讓我們首先匯入必要的庫並準備資料。 我建議在這個專案中使用 Google Colab,因為訪問 GPU 會讓事情變得更快。

import pandas as pd
from transformers import GPT2LMHeadModel, GPT2Tokenizer
import numpy as np
import random
import torch
from torch.utils.data import Dataset, DataLoader
from transformers import GPT2Tokenizer, GPT2LMHeadModel, AdamW, get_linear_schedule_with_warmup
from tqdm import tqdm, trange
import torch.nn.functional as F
import csv

### Prepare data
lyrics = pd.read_csv('lyrics-data.csv')
lyrics = lyrics[lyrics['Idiom']=='ENGLISH']

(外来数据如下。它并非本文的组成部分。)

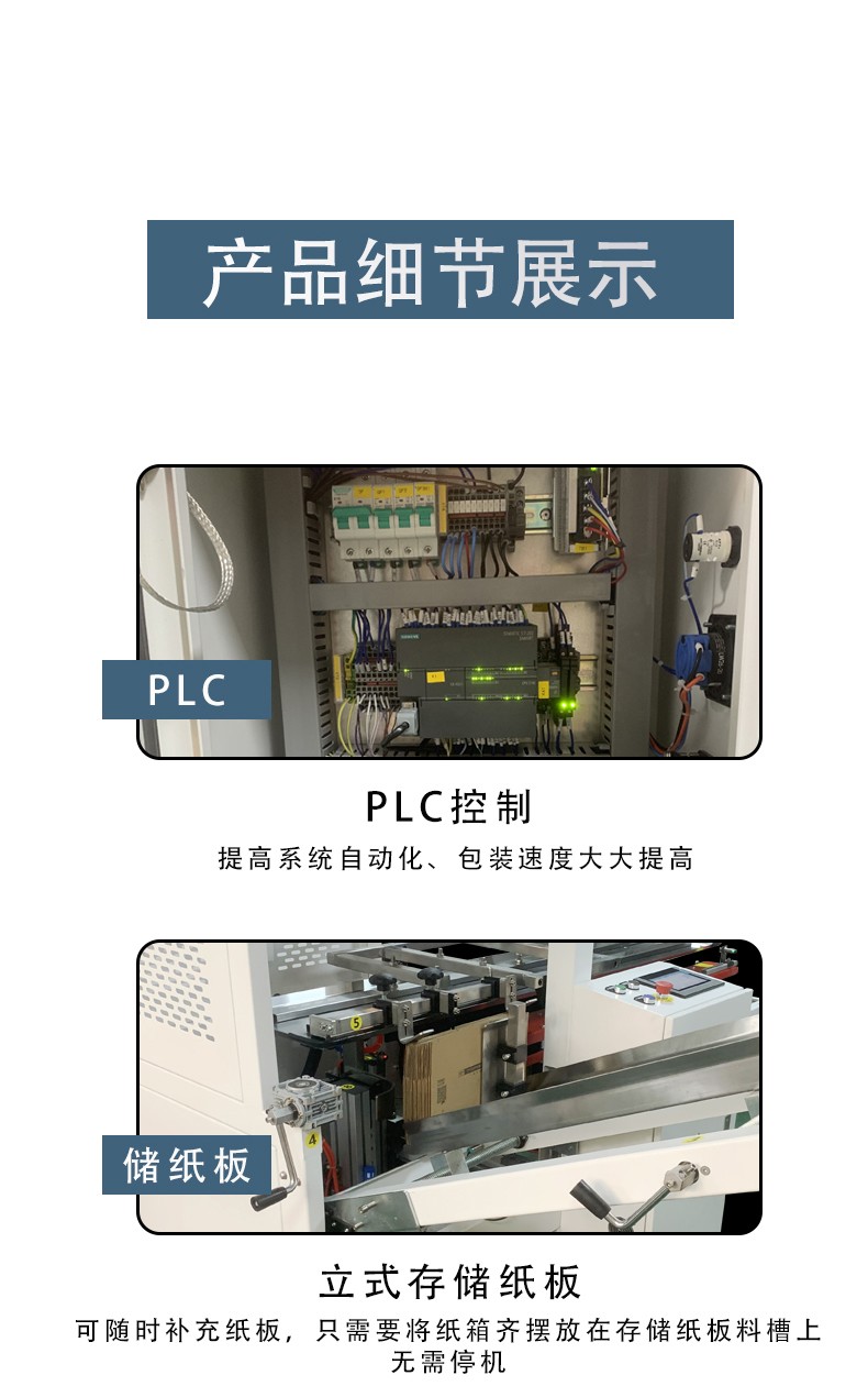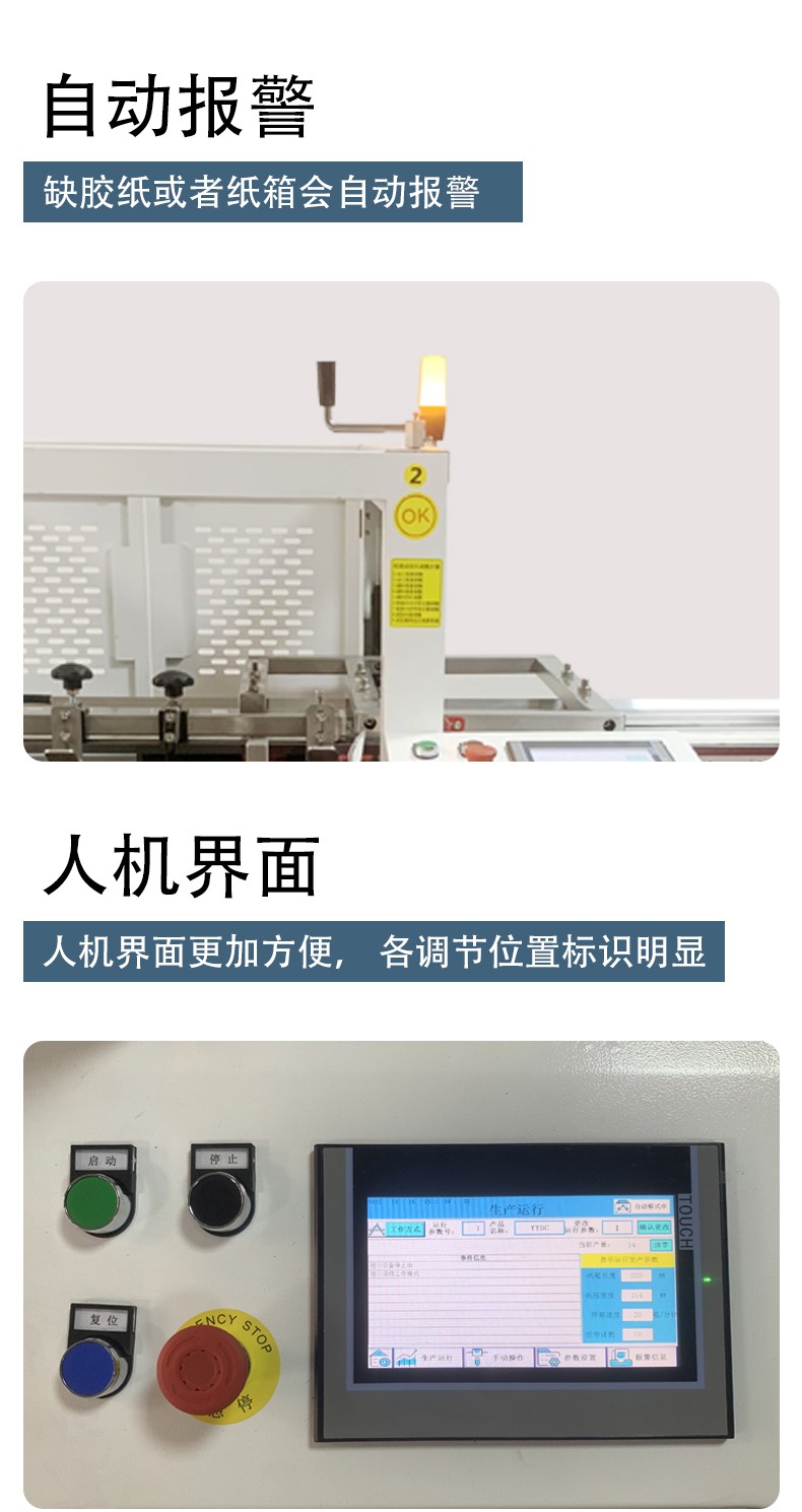 3. 自動化連續作業,降低無效工時設備通過 PLC + 觸摸顯示屏實現全流程自動控制,可完成吸箱、開箱、成型、折底、封底的一體化操作,無需人工介入單個工序。同時配備缺料提前報警、無料自動停機等裝置,避免空轉浪費,有效提升設備的有效作業率,減少人工值守的無效工時。

#Only keep popular artists, with genre Rock/Pop and popularity high enough
artists = pd.read_csv('artists-data.csv')
artists = artists[(artists['Genre'].isin(['Rock'])) & (artists['Popularity']>5)]
df = lyrics.merge(artists[['Artist', 'Genre', 'Link']], left_on='ALink', right_on='Link', how='inner')
df = df.drop(columns=['ALink','SLink','Idiom','Link'])

#Drop the songs with lyrics too long (after more than 1024 tokens, does not work)
df = df[df['Lyric'].apply(lambda x: len(x.split(' ')) < 350)]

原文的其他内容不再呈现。